Dumplings that Tianni and Emily made together.

Wearing Red

Red is the most popular color in China. It’s a symbol of jubilation, excitement, and peace to the Chinese people—all things that we wish upon ourselves and each other during the Chinese New Year. Wearing red has even become a cultural ritual of the holiday. On the first day of the Chinese New Year, Emily and Tianni donned some Chinese red and spent time wandering the main streets in downtown Wuxi. In addition to seeing the famous view of the downtown region from a 300-year-old bridge along the Grand Canal, Emily and Tianni also tasted a traditional sugar painting snack. They asked the creator to make them a sugar snack in the shape of a rat, since they were celebrating the Year of the Rat.

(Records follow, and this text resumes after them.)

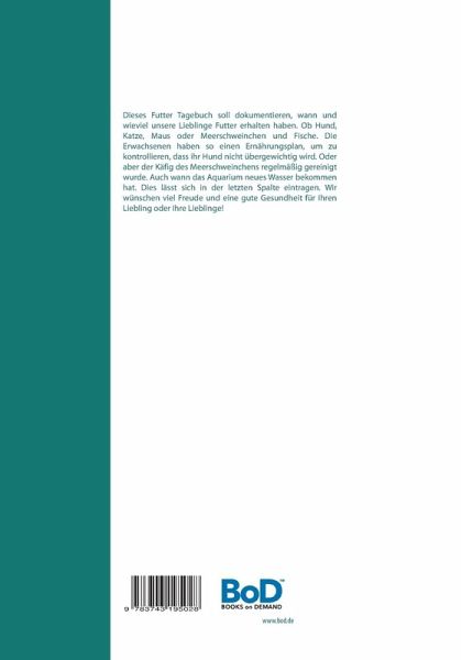 Dieses Futter Tagebuch soll dokumentieren, wann und wieviel unsere Lieblinge Futter erhalten haben. Ob Hund, Katze, Maus oder Meerschweinchen und Fische. Die Erwachsenen haben so einen Ernährungsplan, um zu kontrollieren, dass ihr Hund nicht übergewichtig wird. Oder aber der Käfig des Meerschweinchens regelmäßig gereinigt wurde. Auch wann das Aquarium neues Wasser bekommen hat. Dies lässt sich in der letzten Spalte eintragen. Wir wünschen viel Freude und eine gute Gesundheit für Ihren Liebling oder Ihre Lieblinge!
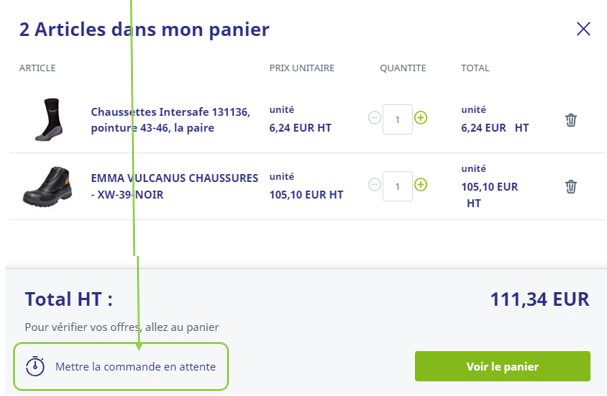 Cliquez en bas à gauche sur le lien Mettre la commande en attente ou sur le lien du même nom en haut du panier d'achat.
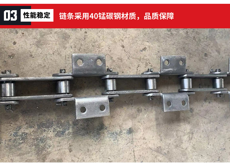 NE斗式提升機中都采用此種型號的鏈條,有NE15-NE800型號,NE15斗式提升機是單鏈,把板鏈用螺栓和料斗直接緊固在一起就行(NE板鏈上有固定的螺絲孔),NE30以上的斗式提升機都是雙鏈條的,安裝時在料斗的兩側平行擺好板鏈鏈條,在斗式提升機料斗的左右兩側分別用螺栓把鏈條和料斗逐個螺緊即可。

Smiling and wearing red for the Chinese New Year

Tianni and Emily stopping to take a selfie in Wuxi in their Chinese red.

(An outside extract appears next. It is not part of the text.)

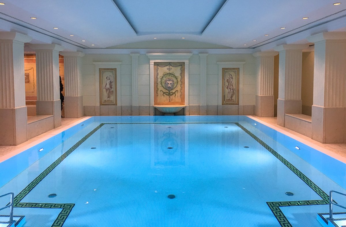 Kotiuduttuamme vuorossa onkin jo hotellin esittelykierros. Sabine kertaa meille hotellin historiaa ja on ehkä jopa hiukan vaikuttunut siitä, että televisiosarjan myötä tunnemme sen hyvin. Näemme hotellin ravintolat, talvipuutarhat ja sen verran isoja kokoustiloja, kuin niitä on vapaana. Vierailemme myös kylpylätiloissa ja uima-altaalla.

Eating Hotpot with Family Members

Hotpot is one of the most popular foods in China. Restaurants put two different types of sauces on the table and bring the pot to a boil, hence, a “hot pot.” Then, the family orders vegetables, meats, and other garnishes and cooks them in the broth. This integrates the flavors. However, in this specific hotpot experience, Tianni and Emily ordered food that was a bit too spicy. They had to order sodas in order to keep eating their dinner. See how Emily reacted when she had some spicy food.

Emily reacting to trying spicy food

An authentic reaction to trying the spice of the hotpot.

In addition to these activities, Tianni and Emily also watched the Spring Festival Gala, which is like the New Year’s Eve Ball in NYC, walked around the Wuxi lake and fed the birds, and spent lots of time eating snacks and talking at home with Tianni’s family.

Unfortunately, the spread of the novel coronavirus affected other travel plans. Originally, the pair was going to travel together to Beijing, but all major attractions, including the Great Wall, were closed. The Chinese government issued a travel advisory and allowed for all cancellation fees to be waived. Therefore, the two enjoyed staying at home with Tianni’s family and had a good time together tasting the original flavor of Spring Festival.

Considering all of the unexpected changes, Tianni and Emily used skills necessary for any new situation: adaptability, flexibility, and resilience. Currently, Tianni is at home with her family in Wuxi, and Emily is back in the United States. Both are finishing coursework online as the situation evolves. Learn more about how UVA, Lingnan (University) College, and Esade collaborated to address the coronavirus as new developments continued to emerge.

wearing masks to protect themselves from germs

Taking precautions when traveling back to Lingnan when news of the coronavirus broke.